Jim, I agree. I've been lucky enough to survive two flashovers and one backdraft in my career, and none of them were much like the video.

I was very near the door in both of the two flashovers, was able to self-rescue in probably two or three seconds (although they felt like forever) and was lucky to have only minor burns and ruined PPE and SCBA both times.

The backdraft was so violent that I didn't realize what happened for several seconds after it literally blew me out the door into the front yard.

I dunno if I'd call the video "kiddieville", but it certainly isn't the most catastrophic interior condition I've ever seen, either.
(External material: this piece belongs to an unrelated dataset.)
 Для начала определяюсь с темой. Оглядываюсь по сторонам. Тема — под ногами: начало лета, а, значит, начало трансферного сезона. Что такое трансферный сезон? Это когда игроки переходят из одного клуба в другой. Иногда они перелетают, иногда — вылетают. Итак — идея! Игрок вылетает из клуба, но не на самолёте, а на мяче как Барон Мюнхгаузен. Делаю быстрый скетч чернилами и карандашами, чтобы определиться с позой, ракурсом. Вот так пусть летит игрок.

It is a good training video.
It would be one thing if you knew where the fire was, if you just opened up the line you have a good chance of steaming yourself, pencilling can keep the gases in check from bursting into flame so you can get out.

In this case, yeah you can see the fire and can extinguish. In the case you can't see the fire and visibility deteriotes rapidly, as here, it is time to get out.
In that kind of enclosure, if you just open up and blast the fire you're going to steam burn everyone to Larry the Lobster status.
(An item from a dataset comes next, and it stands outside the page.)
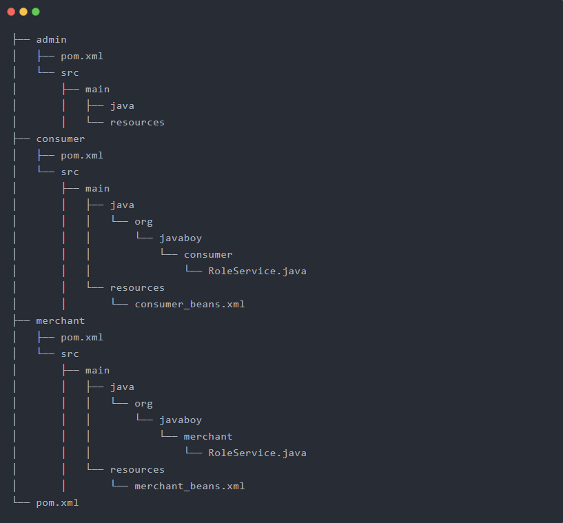 现在 consumer 和 merchant 中都有一个 RoleService 类,然后在各自的配置文件中,都将该类注册到 Spring 容器中。org.javaboy.consumer.RoleService:

Pencilling to prevent ignition until effective ventilation can be conducted is an appropriate technique.

It's all about technique.
The theory of short bursts of pencil, pencil, pencil, fog is for as Ben put it, to reduce the amount of steam conversion, thus reducing the cook effect on the crew who are fleeing. The nozzleman can with this technique in the right environment, delay the ignition of total flashover by introducing the small amounts of steam produced in the bursts as well as interupting the thermal balance.

With opening the bail and leaving it flowing, the super heated BTU's will steam everyone and everything inside. All about technique and timing.

Obviously best to not be there at the time through better pre-flashover techniques and timing on other fireground tactics.